What if Farmer’s wife joins the protestors?

Delila Jahn-Thue is a teacher, columnist: Living from The Farm and author of Advice Between Kingdoms – How the Hays Moved Trash Mountain (Balboa Press 2012).

She is involved in ecological causes including farmers’ rights, water quality and creating rural recycling opportunities. Passionate about the land, Delila travels to communities and schools sharing awareness of how our daily actions affect the land that feeds us.

We encourage you to visit Delila’s website at Livingfromthefarm.com .

(Niagara At Large invites you to share your views on this commentary. Remember that NAL only posts comments from individuals who share their first and last name with them. Thank you.)

One response to “Living From The Farm – How Revolutions Get Started

  1. Well written.

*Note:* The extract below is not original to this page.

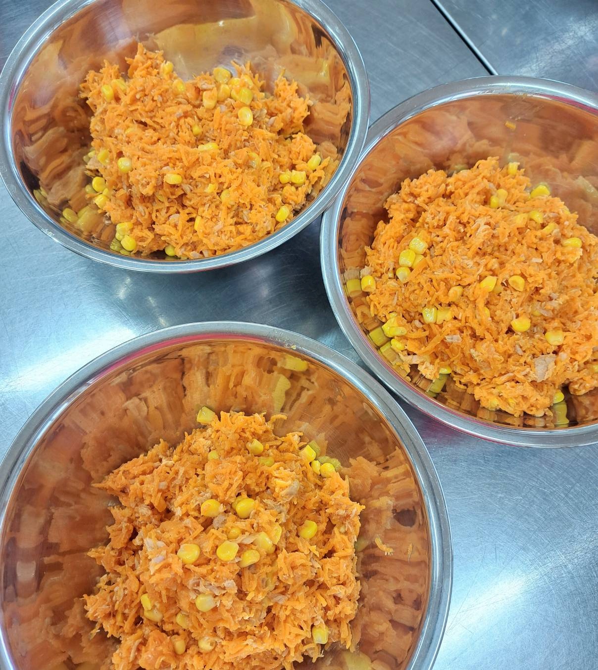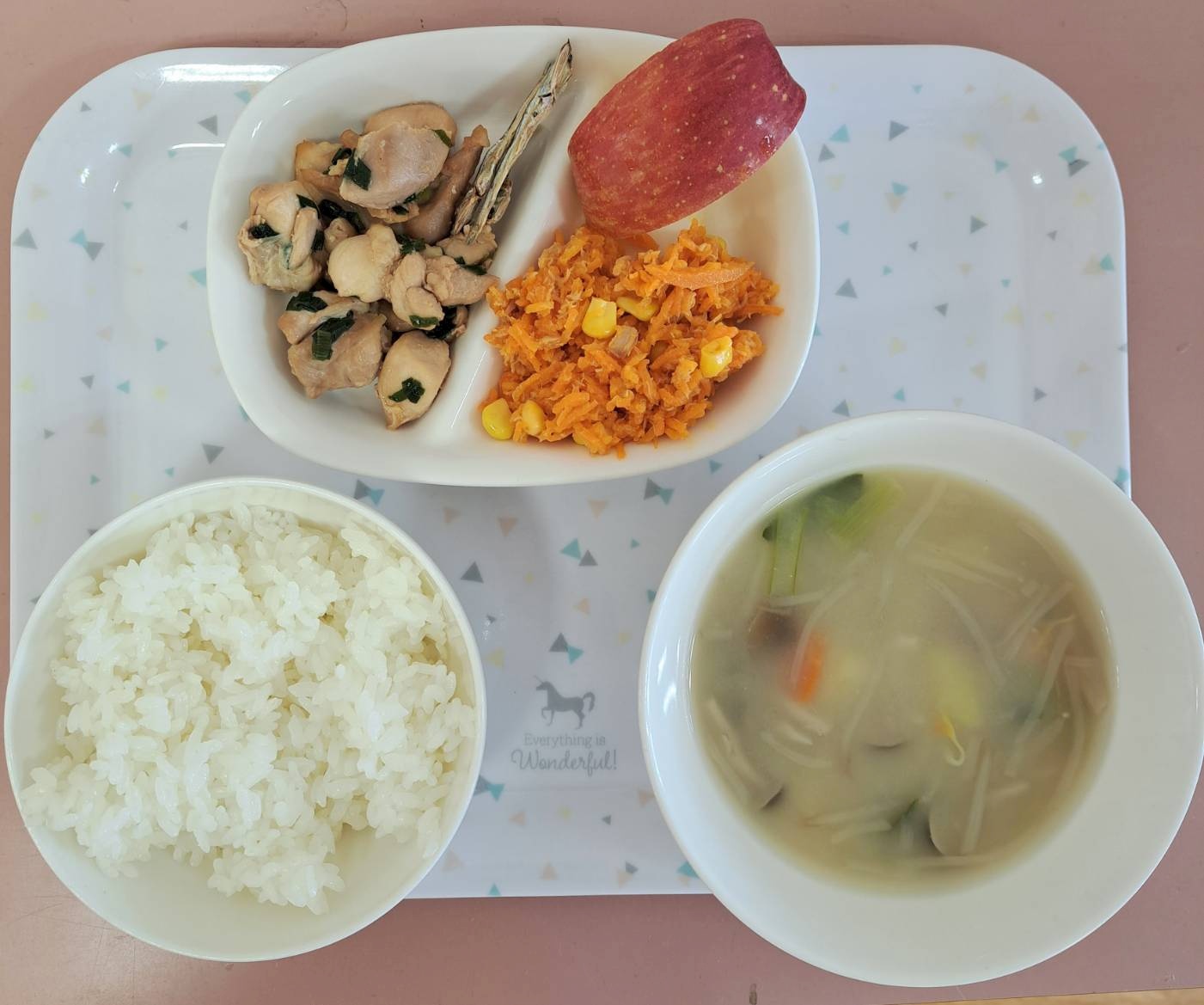 2026年04月28日(火) 幼稚園給食 NEW キャロットサラダ ・白ごはん ・鶏肉の甘辛焼き ・キャロットサラダ ・みそ汁 ・りんご ・いりこ キャロットサラダの人参は、細く千切りして蒸しているので、柔らかくて甘みがありました。ツナやコーンも入っているので食べやすかったようです。『人参おいしい!!』と言ってペロリと食べていました。 きれいなオレンジ色で彩りもよかったです。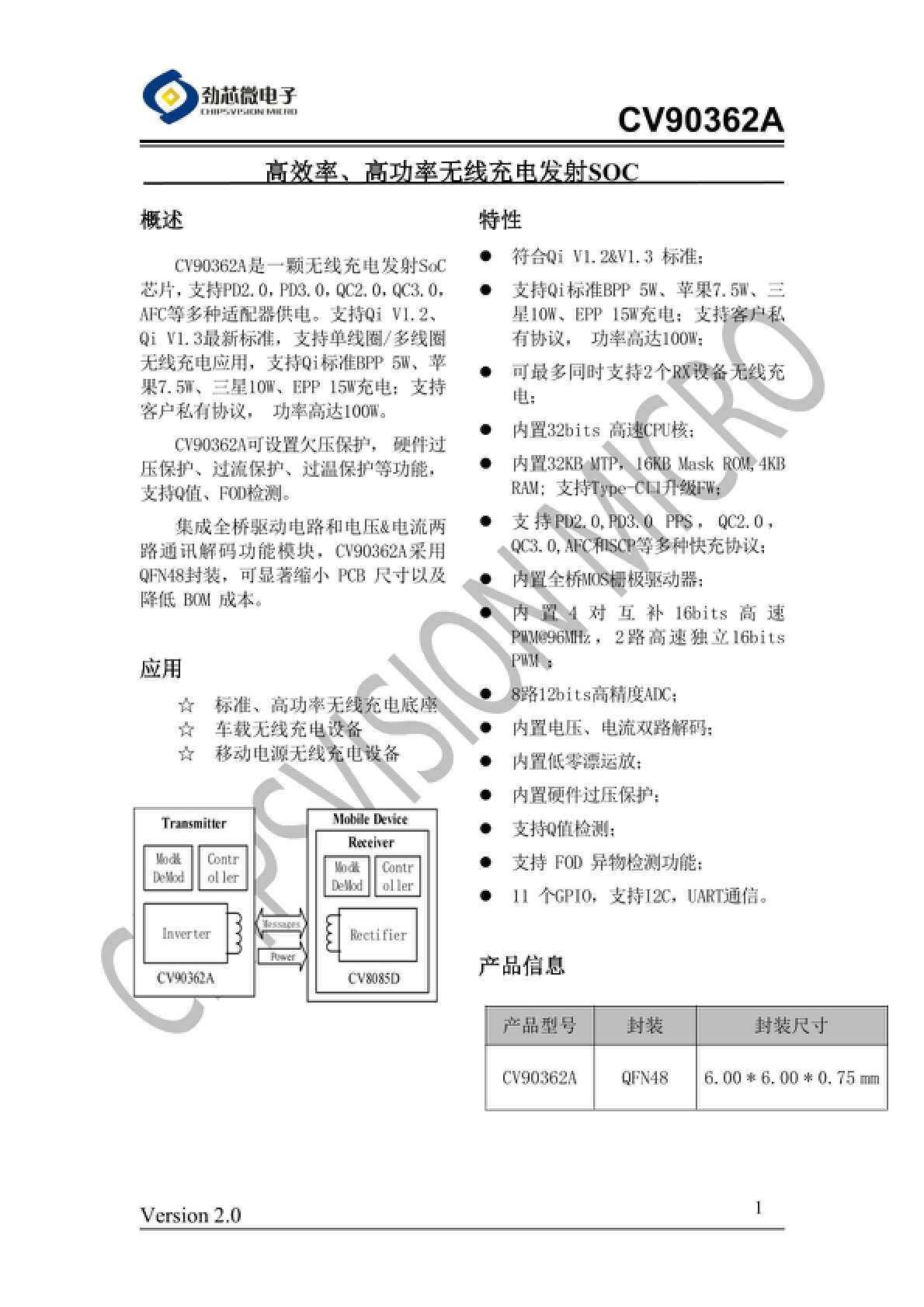 劲芯微CV90362ACV90362A是一颗无线充电发射SoC芯片,支持,,,,AFC等多种适配器供电。支持、最新标准,支持单线圈/多线圈无线充电应用,支持Qi标准BPP5W、苹果7.5W、三星10W、EPP15W充电;支持客户私有协议,功率高达100W。

Sometimes, more lately it seems, I am ashamed of being a Canadian. What the government and big corp. are doing to the north and its’ inhabitants is a crime. I can not imagine that the CNOOC/Nexen deal will do anything but increase the problem.

    With respect to CC though, it has to be understood that it is largely because of the US that we backed out of Kyoto. However, we should still strive to lead by example and take a longer-term strategic approach to our emissions as a nation.

    It seems all these things (carbon emissions, oil sands, windmill and natural gas (fracking)) our provincial and federal governments are allowing these days in such large capacities is not very well thought out and borders on the wanton exploitation of our human, natural and capital resources. I just wish they would think things through a little more.